# Attention "TACKLE-HO's" . . .



## ez2cdave (Oct 13, 2008)

Get ready to drool . . . A little "pricey", but you "boat guys" seem to have pretty deep pockets - LOL !

http://www.ebay.com/itm/Ultimate-Offshore-Fishing-Package-24-Rod-and-Reel-Set-3-Aftco-Gaffs-and-Rack-/190997232280?pt=LH_DefaultDomain_0&hash=item2c78527a98


----------



## solid7 (Dec 31, 2010)

You have your terminology confused. That package is not for a "Tackle-Ho". That's pretty much a standard set-up for a serious off-shore fisherman.

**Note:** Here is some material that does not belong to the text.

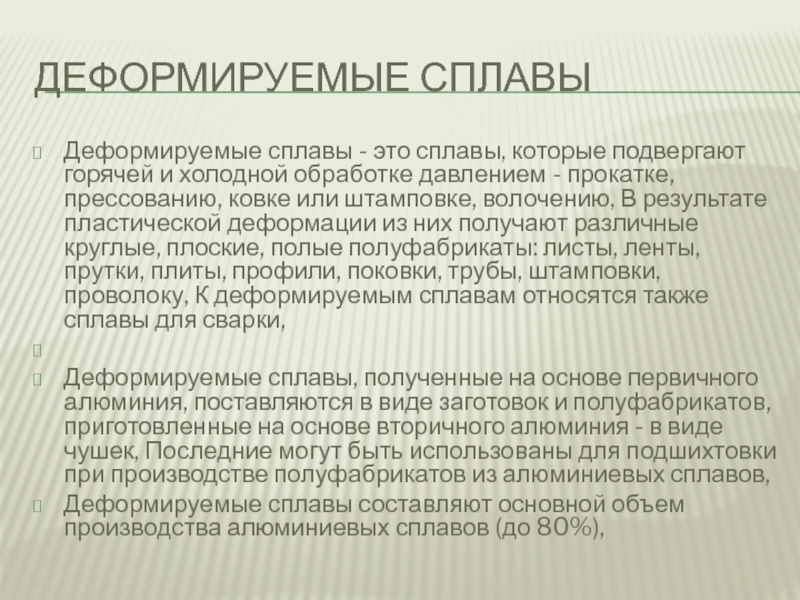 Деформируемые сплавы - это сплавы, которые подвергают горячей и холодной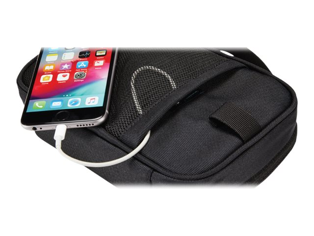 Un étui de voyage pour ranger et transporter un chargeur portable, des câbles et des accessoires.

The Tackle-Ho gets their kicks from having a large variety of name brand stuff. You have just found a ready made cache of gear for a commercial fisherman or a boat captain.


----------



## OldBay (May 15, 2003)

Half the fun of being a tackle junkie is building your collection a few pieces at a time. Buying a whole spread would take some of the fun out of it for me. You can get Penn 50VSWs on ebay for $450 shipped all day. The Davis rods on all his reels are also available on ebay for under $100 each. Most of the money is in the electric reels (about $3,500 each) and the stellas are almost a grand and the 130s are high dollar, but thats all pretty specialized gear.


----------